* [Task description]
In the data below, one line contains "El Dúo Contorno" and a later one contains "Topics in today’s". Print both, with every line between them, exactly and alone.

* [Supplied records]
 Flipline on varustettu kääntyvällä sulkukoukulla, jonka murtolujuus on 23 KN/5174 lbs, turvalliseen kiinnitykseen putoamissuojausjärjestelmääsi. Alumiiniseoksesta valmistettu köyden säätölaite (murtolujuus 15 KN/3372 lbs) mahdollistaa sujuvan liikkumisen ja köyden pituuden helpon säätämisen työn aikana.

==

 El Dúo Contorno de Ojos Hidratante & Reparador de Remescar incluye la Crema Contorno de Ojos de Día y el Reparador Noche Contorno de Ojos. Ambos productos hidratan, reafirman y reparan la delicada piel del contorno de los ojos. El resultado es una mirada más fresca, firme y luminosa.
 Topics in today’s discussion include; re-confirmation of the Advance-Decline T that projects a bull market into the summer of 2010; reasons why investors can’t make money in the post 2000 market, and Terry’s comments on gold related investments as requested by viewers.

* [Solution for this task]
 El Dúo Contorno de Ojos Hidratante & Reparador de Remescar incluye la Crema Contorno de Ojos de Día y el Reparador Noche Contorno de Ojos. Ambos productos hidratan, reafirman y reparan la delicada piel del contorno de los ojos. El resultado es una mirada más fresca, firme y luminosa.
 Topics in today’s discussion include; re-confirmation of the Advance-Decline T that projects a bull market into the summer of 2010; reasons why investors can’t make money in the post 2000 market, and Terry’s comments on gold related investments as requested by viewers.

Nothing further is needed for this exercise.